Cobb voters gave a resounding rebuke to school board member Kathie Johnstone on Tuesday. The one-term incumbent, who has been dogged by controversy over laptop computers and evolution-disclaimer stickers, lost in a landslide.

First-time office seeker John Crooks drew 75 percent of the vote while Johnstone, the board’s former chairwoman, received 25 percent. Crooks jumped to an early lead and maintained it through the evening.

Gathering with supporters at Ritters Restaurant on Lower Roswell Road, Crooks was jubilant as his numbers rolled up. “I’m very humbled at what the Republican voters in the Post 6 community have elected me to do,” he said.

But the Baptist minister, who serves as administrator at Roswell Street Baptist Church, isn’t popping the Perrier yet. He faces one more hurdle for the Post 6 seat. In November, he takes on Democrat Beth Farokhi, a retired Georgia State University College of Education administrator.

Crooks said he’ll be ready. “I look forward to facing my opponent in the fall campaign,” he said. “I hope we confine the debate to the issues in a positive manner.”

In an aggressive campaign, Crooks hammered Johnstone on the failed take-home laptop proposal that would have put computers in the hands of all middle and high school students. Johnstone chaired the board in 2005 and championed the sweeping technology proposal that later was abandoned by the board as too costly.

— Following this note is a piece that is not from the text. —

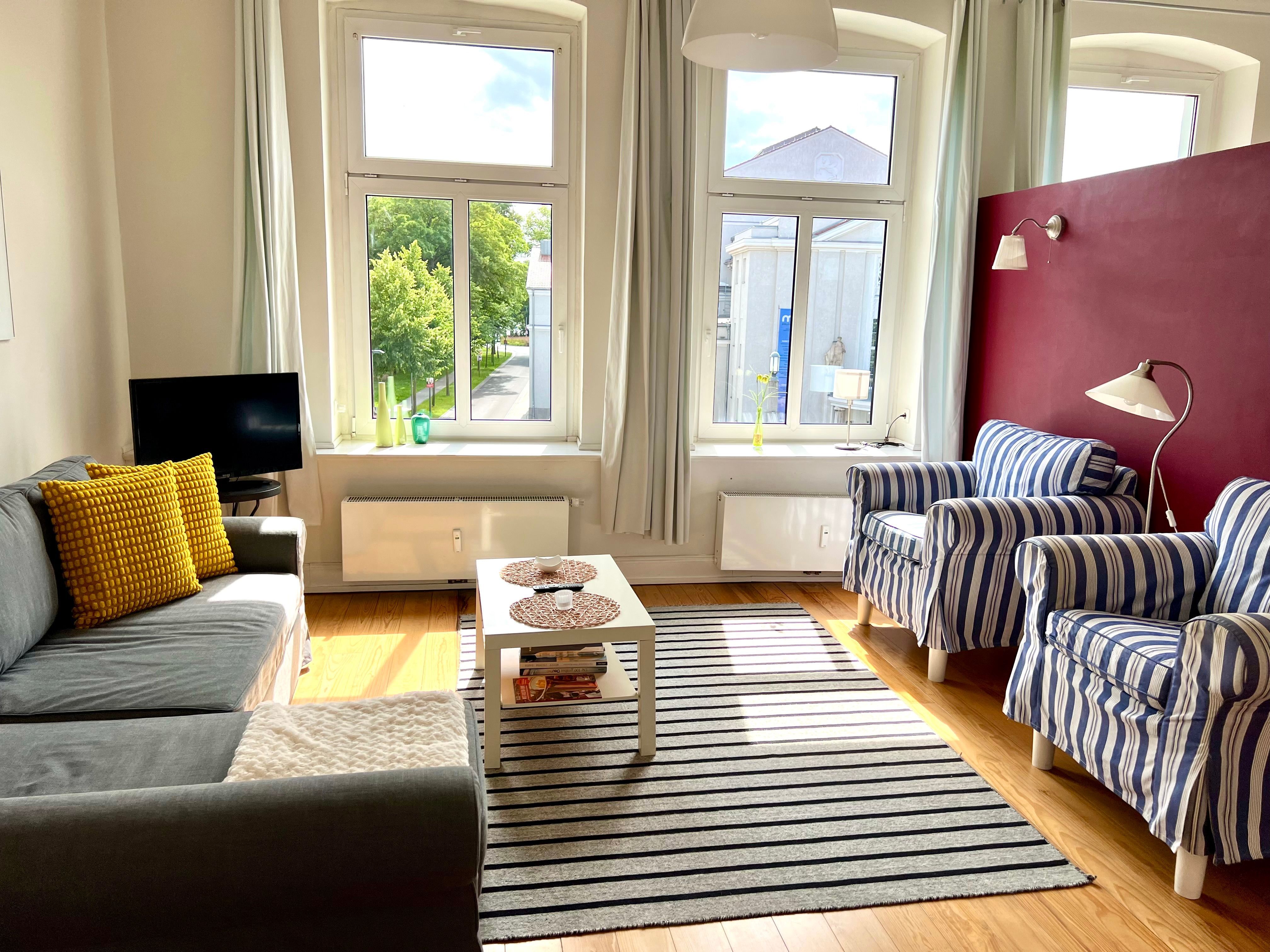 Das modern eingerichtete, markante Jugendstil-Haus liegt auf der Altstadtinsel und am Strelasund, umgeben vom frisch renovierten Theater, vom Kniepertor und von der mittelalterlichen Stadtmauer.

The courts ruled that it would have been illegal for the school board to spend Special Purpose Local Option Sales Tax dollars on the laptops because that isn’t what the board promised voters in the SPLOST referendum.

Even in defeat Tuesday night, Johnstone stood by her actions of the past four years and her efforts to equip students with the take-home computers.

“I would not change anything I did over the last four years,” she said. “Giving today’s technology tools to today’s kids was the right thing to do. Perhaps we failed in communication.”

Johnstone pinned her defeat to the fact that she chaired the board during an intense time of controversy over everything from evolution-disclaimer stickers on textbooks to redistricting and the failed laptop computer proposal.

“I was chairman through much of what went on,” she said. “It was my face on television speaking for the board. I think people who were truly informed, the people who worked in the district, understood the good things that happened here.”

Al Daniel, one of the last voters Tuesday evening at the Mount Bethel precinct at Johnson Ferry Baptist Church, voted for Crooks.

“I was concerned with the laptop scandal,” he said. “I want a board that is accountable. Sometimes change is good.”

East Cobb resident Larry Baugh didn’t like the idea of handing out laptops to students either. He also voted for Crooks. “I didn’t agree with a computer for everybody. I consider $100 million to be rather expensive and students would break them, lose them or sell them.”